Our goal is to make coffee-growing a sustainable and beneficial endeavor for
farmer families and their communities.
Cooperative
Coffees is a green coffee importing cooperative committed to supporting and
partnering with small-scale coffee farmers and their exporting cooperatives. By
importing directly from our partner-farmers, we do business in a way that
creates a fairer, more transparent and sustainable system of coffee trade that
directly benefits farmers, and their families and communities.
Coop
Coffees’ story began in 1997, when founder Bill Harris – inspired by his
encounter with a Guatemalan coffee coop on a Habitat for Humanity delegation –
decided to start up a roasting company that would import and roast fairly
traded coffee beans from Central America. By 1998, Cafe Campesino, the roasting
company, imported one full container – approximately 40,000 pounds of coffee.
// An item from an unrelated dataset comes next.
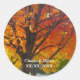 Adicione as informações do seu casamento de outono a este belo cartão. Todo o texto é ajustável para mover, redimensionar e alterar a fonte e a cor. Converta isso para qualquer ocasião. Ao fundo estão as árvores que começam a mudar com o outono antecipado.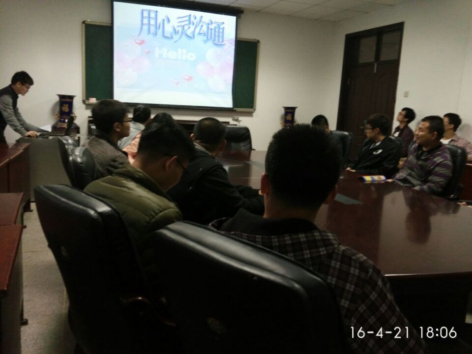 截止至4月25日,公司2015级研究生所有班级在班级宣传委员的带领下通过观看视频、PPT资料、游戏、小组讨论、演讲、等形式分别开展了“心灵沟通”主题班会。其中播放视频和PPT资料使得同学们对心理问题有了一些具体认识,更明确地了解心理健康的重要性;游戏环节使同学们在轻松的气氛增进了彼此之间的感情,同时又加深了相互之间的了解;小组讨论和演讲让班级同学在交流中进行心理疏导,互相聆听,互相帮助,大家的心灵沟通在和谐的氛围中顺利进行。

Needless to say, they were up to their ears in green coffee that would have taken
them years to go through themselves. So Bill planned a road trip to scour the
eastern seaboard and across the mid-western states, looking for value-driven
roasters interested in investing in a collective coffee importing venture. In
1999, seven roasters met in Atlanta and officially formed Cooperative Coffees.
In 2009, 10
years down the road, the cooperative had grown to include 23 roasters who
spanned the continent from the Yukon to the panhandle of Florida. Committed to
sourcing sustainably grown coffees and to partnering closely with the farmers
who grow it, our roasters know that by working together, cooperatively, they
can more readily impact and multiply the positive effects of their selective
coffee purchasing.
CENTROCAFE is one of the cooperatives working
with Cooperative Coffees. CENFROCAFE is short for Central Fronteriza del Norte
de Cafetaleros. This coffee growing
cooperative was founded in 1999 with 220 small-scale coffee farmers in eleven
community-based associations. Nearly fifteen years after their founding,
CENFROCAFE, now based out of Jaen, Peru serves more than 2,000 farmer members
in local associations spanning across twelve districts within the lush
Cajamarca region.
From
technical assistance and quality control workshops for their farmers, to
economic and leadership training for the young people in their rural
communities, CENFROCAFE works not only to support the commercial endeavors of
its members – but also to facilitate the development of their communities as a
whole. The CENFROCAFE financial team provides short-term credit that help
farmers cover the front-end costs of the harvest and materials in the coffee
production.
CENFROCAFE
is one of the leaders in creating a cooperative alliance with like-minded
associations in the greater Cajamarca region to provide important technical and
marketing services to thousands of small-scale farmers in Northern Peru.
Without this kind of strong organization, local farmers would have otherwise
been left each to his or her own devices to develop best practices for healthy
fields and increased production yields, or for the marketing and sales of their
coffee.
Results to
date are impressive. On average, CENFROCAFE producers yield 20qq (100lb sacks
of parchment) of organic coffee per hectare, and often show in the top
finalists in national and international quality competitions. The improved
revenue for CENFROCAFE farmers has been instrumental for their access to basic
health, education, and other social services.
CENFROCAFE
founding member and former president of the producer Board of Directors,
Anselmo Huaman Moreto, explains: “A huge difference in our lives is that now
our children can actually go to school, our coffee is being recognized in the
market for the quality we produce, we are receiving a fair price for our
efforts, and our members can be proud again to be farmers.”
Cooperative
Coffees began importing from CENFROCAFE in 2005. Since then, our relationship
with this cooperative has flourished both in coffee purchases – with more than
2 million pounds direct purchased — as well as roaster efforts to support their
production and quality improvement initiatives.